Wednesday December 23, 2009

Last night was a very scary night for our angel. About 9:15, I was in the living room, vaccuuming, and Ashley came out crying. She said she couldn't breathe. I could tell she was struggling. Her lips were blue. She was retracting really badly. She was upset enough, she wanted ativan and morphine. I did give her a little morphine last night, only because she was struggling so much. It was such a small dose, it didn't upset her stomach at all. Thank goodness!! The combination of the two drugs, along with a bit hit of oxygen, calmed her down a bit. Her heart was beating wildly. That is the only word I can think of to describe what it felt like. Her whole body shook with every beat. It was absolutely scary! The episode lasted for over an hour and a half. By that point, she was exhausted. I was so afraid she was going to pass away. I prayed so hard that whatever might happen, that if she did go, it wouldn't be awful. I prayed for strength to accept the Lord's will for her. I prayed that she wouldn't have to suffer horribly, no matter what happened. I prayed long into the night. As you would expect, I didn't sleep much at all. Every hour of so, I would wake and reach out to touch her arm to see if she was breathing still. I was so grateful when the sun came up this morning and she was still with us.

The episode last night took its toll on her. She was super weak this morning. Her color was bad. Her entire body was swollen. Her feet were especially large. She didn't have any appetite, but she got up long enough to take her medicines, and then she went back to bed and slept off and on all morning. I would periodically come in to look at her. Once I felt her heart beating. I could see her body shaking, like it was last night. Sure enough, her heart was wild again. It stayed like that throughout the afternoon. I felt the palpitations were a huge cause of her extreme fatigue. Ashley herself was really discouraged with how awful she was feeling. We talked a couple of times about how these symptoms are expected. It is part of the process she will go through as her poor broken heart continues to fail. She wasn't upset about it. She accepted it, and made sure both Jason and I knew no matter what happened to her, she did NOT want to go to the hospital. No matter how her heart was beating or how hard it was for her to breathe, she pleaded with me to keep her home. I assured her many times, we would always keep her home. Her wished are of the utmost importance to us. We would never do anything contrary to her desires. I really feel the empowerment we are giving to her, helps her deal with this process better. She knows what will happen to her in every situation. She knows she will always be at home, surrounded by family who love her dearly. And with that knowledge securely locked in her heart, she can be at peace with her decisions.

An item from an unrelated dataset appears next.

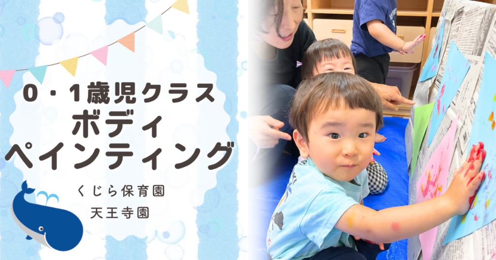 こんにちは、くじら保育園天王寺園0.1歳児クラスです。今日はお部屋でボディペインティングをして遊びましたよ! 最近言葉も増え、色に興味を持っているりすぐみさん、「あか!」「あお!」と色を指差しながら手につけて手形を押したり、 塗り広げたりと全... -

This evening, she once again had another episode of irregular heartbeats. This time, the heart wasn't racing and beating wildly, but pausing, then beating, then pausing. She was struggling to breathe, and once again, I gave her ativan and a small dose of morphine. She was working enough, she even electively wore her oxygen for a little while. It wasn't long, but long enough to give her a little boost. While Jason took care of our rowdy boys, I fixed her bed, and created her pillow mound. I need to take a picture of all the pillows she uses at night. She has to be fairly upright, or she cannot breathe. We have taken all the spare pillows in the house, as well as a couple we bought for her, to create her special mound as we call it. Thankfully, it works. She does have a hospital bed, with a thick memory foam mattress on it, but she never sleeps in it now. She sleeps in our big bed with me at night. I wouldn't want her far away. She needs help in the night, and I wouldn't hear her in her room. I am thankful Jason is such a compassionate dad and happily sacrifices to let her sleep in our bed every night. It means he and I don't get to sleep together, which is a major bummer. But it won't be forever. Right now, she is where she needs to be. We both know that. And for now, it is okay.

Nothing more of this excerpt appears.